Sunday, October 14, 2012

Prompt #11


The Prompt: Let me tell you a lie.

The first time I told a lie I was six. I’d just broken my grandmother’s favorite vase playing Frisbee with my brother in the house even though we were both old enough to know better. He scrammed and left me to take the blame so I did what any child would have done. I smiled at her innocently and blamed the dog.

Or maybe the first lie I told was when I was four. I was plenty old enough to eat my own food, but refused to eat anything green. Carrots were fine, green gummy bears were not. It had nothing to do with texture or health, I just hated the color green. So when my dad came home and asked if I’d been good and eaten all my veggies, I did what any self respecting four year old would have done. I gave him a big hug and told him of course I had.

But that might not be right either. What if the first lie I told was when I was twelve and for the first time failed a test. The teacher asked me why and I wasn’t about to tell her I’d been online with my friends the whole night before so I smiled innocently and told her I’d studied an hour a night for the previous week.

But is any of that important? Does it matter if I was four or six or twelve? Does the when matter? I did it, I lied. That’s all that is important. Or is the why also important? That I lied to get out of trouble, for my own good, to make people view me better. I don’t need those excuses anymore. A good lie can be for any reason at all.

None of this matters to you. You aren’t here to listen to the story of my lies. That doesn’t interest you. You’re here for a story. To be entertained. So here’s my story.

I was fourteen. A normal fourteen year old with normal fourteen year old friends. And then my life changed suddenly when my friend died in a car crash, hit by a drunk driver going home from school one evening. Everything turned upside down. Everything that felt good and right disappeared.

She was gone. She left a hole in my world. Nothing fit anymore. The puzzle that was my life wasn’t only missing a piece, but it seemed as though it had been reshaped. Tragedies like that happen all over the world, but they aren’t supposed to happen to you. Never in your life.

But they do. And nothing’s ever right again. It changes you, changes the way you view the world. Maybe that’s what made me the way I am.

Only that’s not entirely true. It wasn’t my friend, it was my sister. She was closer to my heart than anyone else in the world. She was my closest confidante and my best friend.
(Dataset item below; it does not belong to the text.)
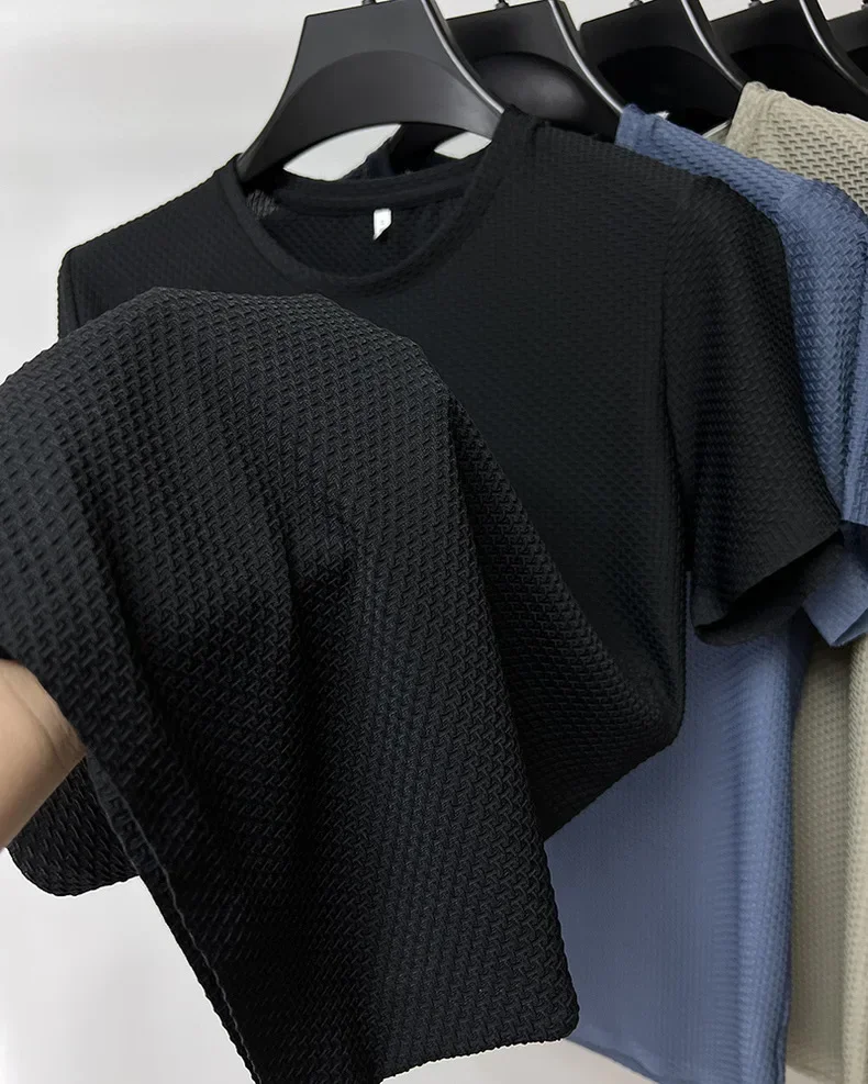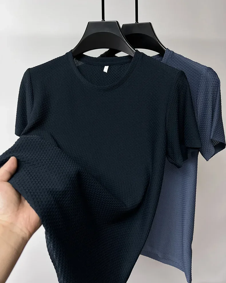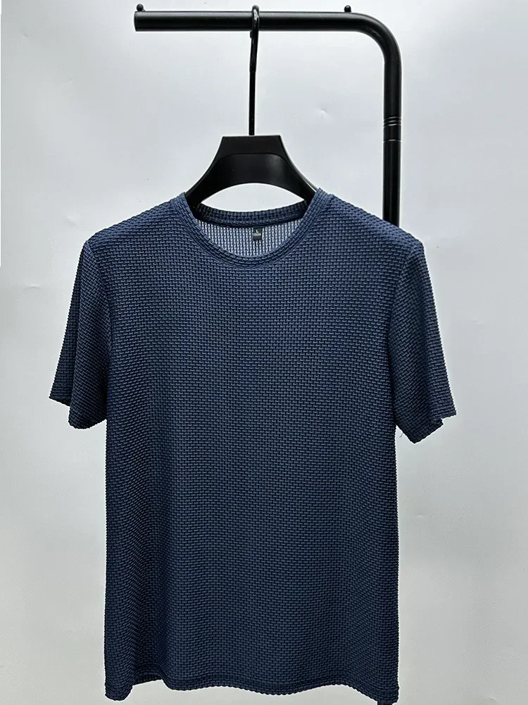 Summer Ice Silk High-End Solid Color High Quality Short Sleeve T Shirts Men's Breathable Fashion T-Shirt Male Brand Clothes 4XL

We told each other everything. Except her one secret. She was unhappy and never told me even though I told her everything.

She took her own life and I never knew, never suspected. My own sister and closest friend and I didn’t have a clue. It broke my heart. Changed me forever.

Did you like that? Feel any tugs on your heart strings? Entertaining enough for your liking?  Were you invested in my life and my story, perhaps? I thought it might have more impact if I switched it from my friend to my sister. Was I right? Did it add more to my sob story? My poor sister. It could have even been true if I weren’t an only child.

I’m sorry, am I toying with your emotions? Do you not like being manipulated into feeling for me and my lies? Then why did you continue reading? I’m a liar. Lying is what I do. You knew that from the first sentence. I’m probably the most honest liar in the world. And you kept reading anyway. Doesn’t that say more about you than it does about me?

Think about that while you sit there feeling judging me. You want to be lied to, to hear the stories. You just don’t like the liars.